There was nothing written about Lazarus after Jesus raised him from the dead. I suppose if someone rose from the dead, wouldn’t somebody pay more attention and do some follow up writing? And why did a Vatican council made Mary Magdalene into a prostitute when she wasn’t one at all? I think the vatican recanted from that.

Also, as I understand, and I could be wrong, another Vatican council picked and choose which books would be compiled into what we know now as the Bible. And how can anyone be sure of the accuracy of what was written when it has passed through many translations down the ages? But I think this mention in an earlier post by @jerv.

Aethelflaed's avatar

@mazingerz88 The council you’re talking about in which they picked which books would be considered cannon and which would be apocrypha is the First Council of Nicaea.

Blackberry's avatar

My pet peeve with the bible is that people are still referencing it. The bible is only “useful” when discussing the contents of the bible. There is no connection between the bible (or qu’ran, torah etc.) and the large questions concerning the universe and whatever god is or is not.

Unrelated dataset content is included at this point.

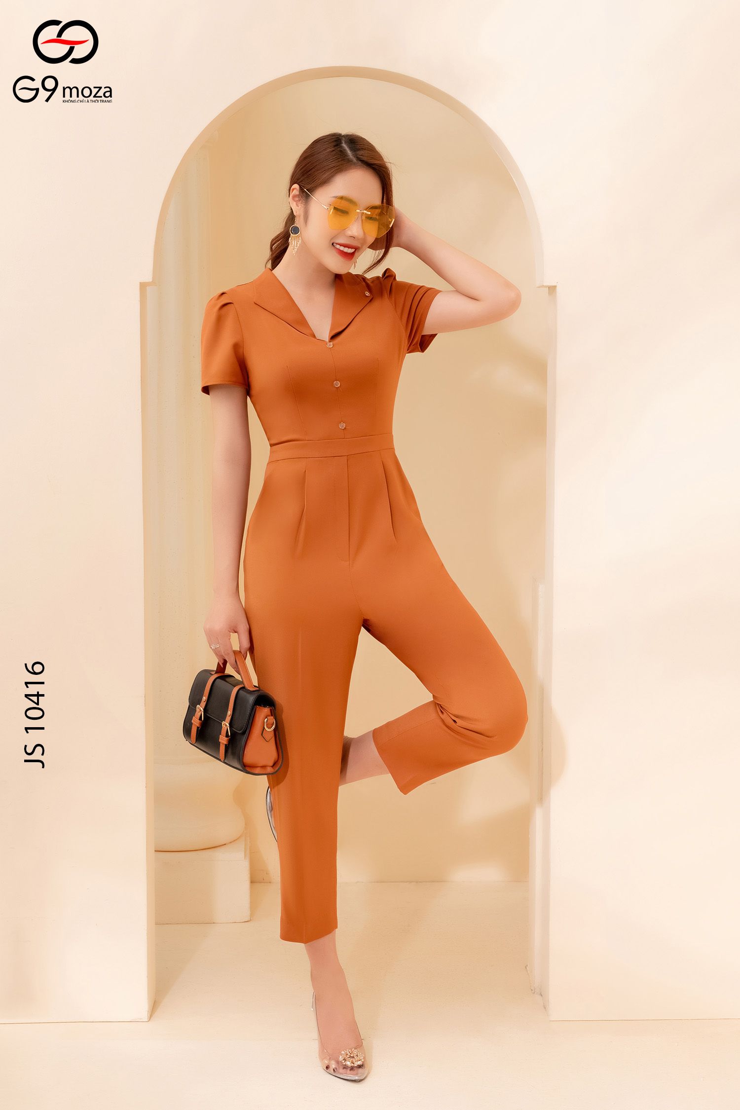 Nếu đã chán những chiếc chân váy, áo sơ mi hay đầm thì thiết kế jumpsuit với phần vai bồng và kiểu cổ bẻ sẽ là sự thay đổi đầ mới mẻ. Nàng có thể kết hợp phụ kiện tùy ý để có được vẻ ngoài cá tính, năng động nhất.

It’s a book, written by humans, that arrived way after the universe was created.

jerv's avatar

I think that this is relevant.

Basically, many people spout off about what the Bible says without actually knowing what the Bible says.

Blackberry's avatar

@jerv Would it be irrational of me to say it doesn’t even matter what the bible says? Is there really anything useful in there that pertains to life outside of organized religion?

jerv's avatar

@Blackberry Considering how many of our lawmakers use their interpretation of the Bible to at least influence decisions that affect us all, I think it does matter. Pro-life and anti-sodomy laws spring to mind immediately, and many of the anti-abortion and anti-gay crowds cite the Bible.

Blackberry's avatar

This society is nuts!

GracieT's avatar

Unfortunately the fact is that many people whom are not even Christians know the Bible VERY well. It always amuses me how well many non-Christians know the Bible. (It is not something those of us whom claim to consider Jesus Christ our savior should be proud of. If we love Christ, we need to spend time learning the word, what it says.)

GracieT's avatar

I meant to say that it amuses me when Christians do not know the Bible all that well. I think that it is interesting to think that we don’t put any time
into reading the Word of God.
Christ himself is called the
Word (Logos, I think). We
should put more time into
reading and studying it. It shouldn’t be just the source of a few “sound bites”, it should be something we come to love, to know well. I don’t, I’m sorry to say, but I’m trying to allieviate that problem.

Qingu's avatar

I imagine there’s a lot of atheists who became atheists because they started reading the Bible. It’s why I lost my faith (for what it was).

mazingerz88's avatar

@Qingu Yes. The Bible indeed won’t stand scrutiny to some people once they understand how it originated. As I always say here, I was raised Catholic yet ended up thinking that these writings were meant for Jews and Jews alone. I don’t buy that a person named Paul on his way to Damascus was spoken to by God and told gentiles could be Christians too. That seemed to be a pragmatic human decision so they could increase their numbers.